Представьте кошмарный сценарий будущей войны: противник пускает в ход биологическое оружие, полностью восстанавливающее пластичность человеческого мозга. Физически солдаты и офицеры во всех войсках остаются в целости и сохранности, но неотвратимо впадают в младенческое состояние. Они утрачивают умение ходить и говорить, все их воспоминания как ластиком стираются. Отправленные командованием по домам, они не узнают друзей и родных, жен и детей. Физически они вполне благополучны и способны всему обучиться заново, ибо мозг их не имеет повреждений. Однако психическая жизнь — невидимая, неосязаемая часть человеческого бытия — вернулась к исходным, заводским так сказать, настройкам и снова представляет собой чистый лист.
Нарисованная мною картина приводит в ужас, потому что, в сущности, каждый из нас — не что иное, как сумма воспоминаний. Об этом далее и поговорим.
ПОМНИШЬ, КАК…
Тилли Олсен, Tell Me A Riddle («Загадай мне загадку»):
«В тот последний день агония длилась нескончаемо.
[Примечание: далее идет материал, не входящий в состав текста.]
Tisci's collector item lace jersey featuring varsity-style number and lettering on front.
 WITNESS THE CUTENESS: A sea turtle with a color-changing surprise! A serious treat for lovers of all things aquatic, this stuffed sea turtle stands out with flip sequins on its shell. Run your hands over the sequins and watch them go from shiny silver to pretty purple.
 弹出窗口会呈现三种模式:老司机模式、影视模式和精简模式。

Временами конвульсии так скручивали ее, что почти срывали с постели, и им приходилось чуть ли не бороться с ней, чтобы уложить обратно. Не в силах больше выносить этот кошмар, он вышел из комнаты и зарыдал так, словно старался излить все отпущенные ему слезы, чтобы потом никогда больше не выдавить из себя ни слезинки.
Дженни подошла утешить деда. “Дедушка, дедушка, не плачь, — увещевала она его своим нежным голоском. — Она уже не здесь, она обещала мне. Бабушка говорила, что в свой последний день вернется в ту пору, когда впервые услышала музыку, еще совсем маленькой, — на деревенской улице, где родилась. Она мне пообещала. Тогда играли свадьбу, все танцевали, и голоса флейт радостно переливались в воздухе. Оставь ее там, дедушка, так надо. Она мне пообещала. А ты возвращайся, возвращайся туда и помоги умереть ее бедному телу”».
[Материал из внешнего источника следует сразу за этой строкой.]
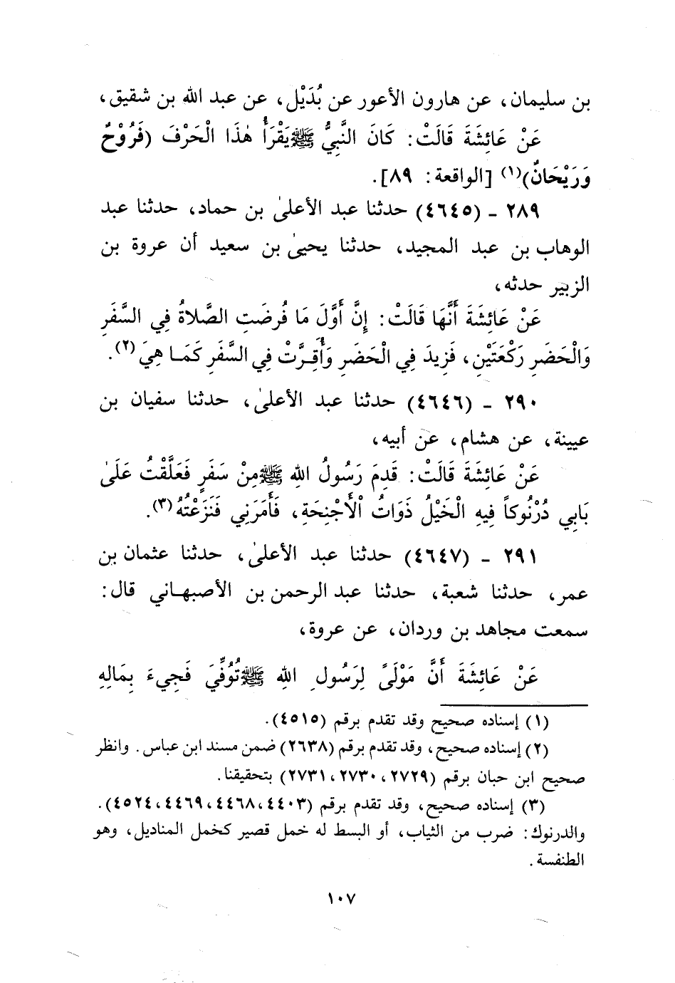 4645 - حَدَّثَنَا عَبْدُ الْأَعْلَى بْنُ حَمَّادٍ، حَدَّثَنَا عَبْدُ الْوَهَّابِ بْنُ عَبْدِ الْمَجِيدِ، حَدَّثَنَا يَحْيَى بْنُ سَعِيدٍ، أَنَّ عُرْوَةَ بْنَ الزُّبَيْرِ، حَدَّثَهُ عَنْ عَائِشَةَ أَنَّهَا قَالَتْ: إِنَّ «§أَوَّلَ مَا فُرِضَتِ الصَّلَاةُ فِي السَّفَرِ وَالْحَضَرِ رَكْعَتَيْنِ فَزِيدَ فِي الْحَضَرِ وَأُقِرَّتْ فِي السَّفَرِ كَمَا هِيَ» Kإسناده صحيح
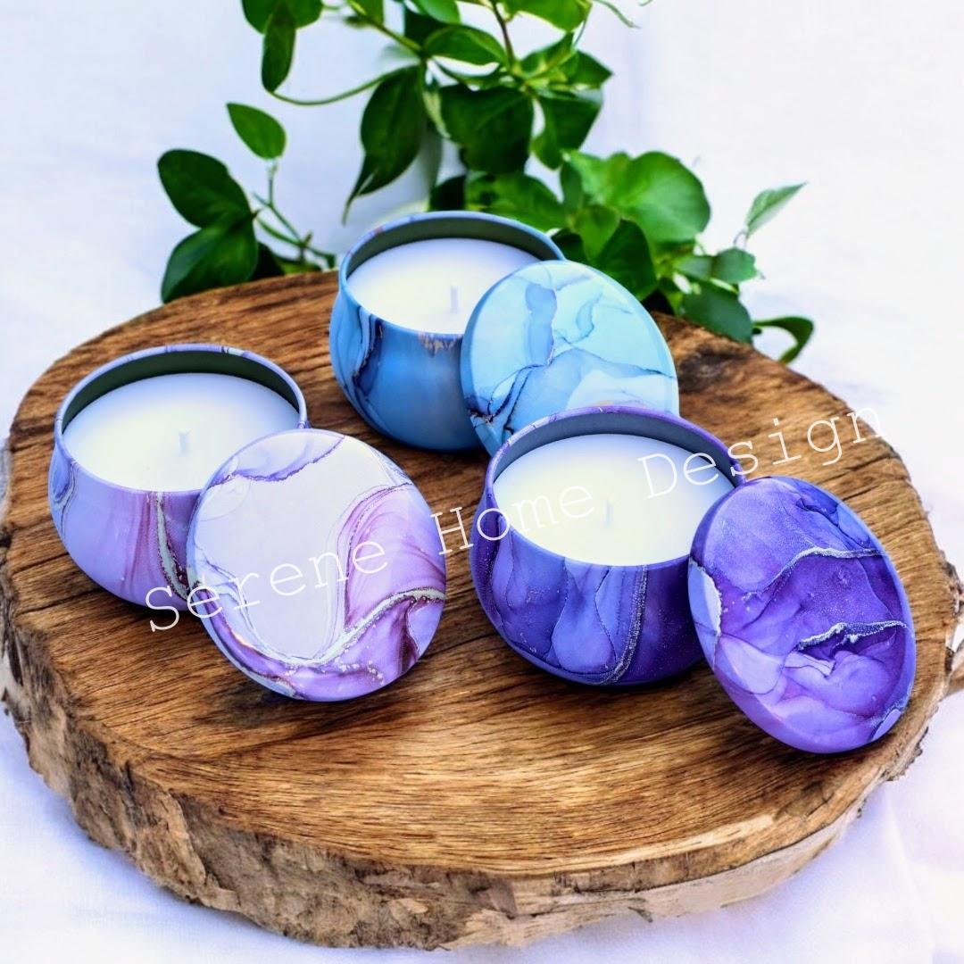 Mermer desenli mum koleksiyonumuz, mermer desenli metal kutulara hazırlanan doğal içerikli ve kokulu soya wax mumlarımızdır.

В этом эпизоде Тилли Олсен показывает, как умирает бабушка, уже старенькая, утратившая воспоминания о своей жизни, кроме самых первых, детских, которые отложились в памяти в ярких, живых подробностях. Если вам приходилось знавать стариков с деменцией, думаю, вы подметили у них эту особенность.
А вообще это самый старинный из всех выявленных неврологией паттернов. Еще в 1882 году данное наблюдение признал как каноническое французский психолог Теодюль Рибо, пораженный тем фактом, что у старых людей память о днях юности прочнее, чем более свежие воспоминания1. Феномен обратного развития памяти известен как закон Рибо, объясняющий, почему некоторые люди под конец жизни переходят на язык своего детства. В 1955 году, умирая в Принстонском госпитале, Альберт Эйнштейн что-то говорил. Все хотели бы знать, что именно великий ученый пожелал сказать миру на пороге небытия, но мы никогда не узнаем этого, потому что говорил он по-немецки, на своем родном языке. Дежурившая в ту ночь сиделка знала только английский, и потому последние слова Эйнштейна навсегда утрачены для нас.